My standard response to an "opportunity" is the classic MN - 'That won't work for me at the moment' Grin or I'll say 'I don't have capacity for that right now'. No need to explain, no need to apologise. Men don't.

On the odd occasions that people have come back and asked why I don't have capacity, I always make sure I have a robust answer back. Often I will draw on the years I spent saying 'yes' to things. For example, when I was two years into my lectureship, I had about 10 PhD students, some of whom were incredibly difficult cases. If someone asks me to come on-board as a second supervisor (and it's not a project which is beneficial/interesting to me), I will say that I had a period where PhDs took up far more of my time than was reasonable or fair and I'm still playing catch-up.

The other option, of course, is to say 'yes' to things and then just do them really badly such that you never get asked again. That seems to be a tactic widely used by my male colleagues.

titsintiers · 20/06/2021 18:46

A colleague who was very good at saying no once told me that saying no to other people is saying yes to yourself. I often think of that and try to say yes to myself more often these days.

user189804830 · 22/06/2021 11:18

So good to hear all the advice here - I've only recently started doing this after realising that I said yes to everything because I wanted to seem collegiate/dependable and thought some of the tasks would not take very long so might as well say yes etc etc.

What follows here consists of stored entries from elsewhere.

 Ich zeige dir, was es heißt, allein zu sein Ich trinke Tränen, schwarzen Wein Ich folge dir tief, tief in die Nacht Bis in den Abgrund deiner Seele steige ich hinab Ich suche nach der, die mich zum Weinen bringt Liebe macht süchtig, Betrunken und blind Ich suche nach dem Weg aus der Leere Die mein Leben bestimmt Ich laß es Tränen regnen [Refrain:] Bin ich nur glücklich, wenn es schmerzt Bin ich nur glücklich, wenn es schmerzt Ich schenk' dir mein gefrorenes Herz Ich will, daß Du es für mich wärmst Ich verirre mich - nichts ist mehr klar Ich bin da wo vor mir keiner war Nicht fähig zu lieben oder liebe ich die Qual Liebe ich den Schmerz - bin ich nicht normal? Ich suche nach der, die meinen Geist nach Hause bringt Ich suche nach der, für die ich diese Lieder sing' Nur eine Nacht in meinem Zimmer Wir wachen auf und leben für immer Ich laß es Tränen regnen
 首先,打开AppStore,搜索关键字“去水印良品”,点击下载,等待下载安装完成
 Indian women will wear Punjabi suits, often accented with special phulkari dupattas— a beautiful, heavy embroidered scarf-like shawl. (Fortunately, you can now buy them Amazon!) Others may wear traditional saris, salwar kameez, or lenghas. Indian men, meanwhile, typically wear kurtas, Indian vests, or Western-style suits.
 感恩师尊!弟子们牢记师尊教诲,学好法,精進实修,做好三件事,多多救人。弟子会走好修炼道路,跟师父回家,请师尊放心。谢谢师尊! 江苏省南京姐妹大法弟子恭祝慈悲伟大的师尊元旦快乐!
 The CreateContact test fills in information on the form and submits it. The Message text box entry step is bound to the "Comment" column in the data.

But everything carries an opportunity cost and typically with some of these roles while I enjoy the work they carry beaurocratic overheads like filling in tons of forms which just adds to my admin workload (something I despise doing as it is).

OP posts:
user189804830 · 22/06/2021 11:31

Had a very manipulative colleague (who says no to everything himself) convince me years ago that it's good for me to do these things (vivas, upgrades) when he had approached me to do an upgrade for his PhD student because it's good for my name to be on the forms when it's passed up to the department etc. This was years ago when I was naive and probably half believed him but was also keen to do it because it was the first time I'd been given that sort of responsibility.

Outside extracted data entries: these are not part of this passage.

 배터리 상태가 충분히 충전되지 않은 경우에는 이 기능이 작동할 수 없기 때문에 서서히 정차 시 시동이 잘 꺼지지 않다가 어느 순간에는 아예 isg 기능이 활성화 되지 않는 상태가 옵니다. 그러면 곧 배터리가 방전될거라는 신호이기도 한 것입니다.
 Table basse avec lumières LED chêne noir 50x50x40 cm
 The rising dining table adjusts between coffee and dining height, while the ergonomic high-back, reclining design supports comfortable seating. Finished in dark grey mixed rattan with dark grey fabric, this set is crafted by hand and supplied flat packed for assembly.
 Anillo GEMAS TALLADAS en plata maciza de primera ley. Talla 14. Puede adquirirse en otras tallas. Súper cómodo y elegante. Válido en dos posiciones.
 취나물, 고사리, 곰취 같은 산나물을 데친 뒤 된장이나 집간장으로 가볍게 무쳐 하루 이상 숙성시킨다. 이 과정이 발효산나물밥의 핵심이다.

Anyway, now that I've done dozens of these I really don't care to do them anymore. Recently said no to him (for the first time) when he asked to do an upgrade and for reviewing a paper on behalf of the group. He wasn't pleased. Came back with something like we're all required to pull our load. Pissed me off - I've done nothing but said yes to everything thus far!. Anyway, definitely the right way to go for me.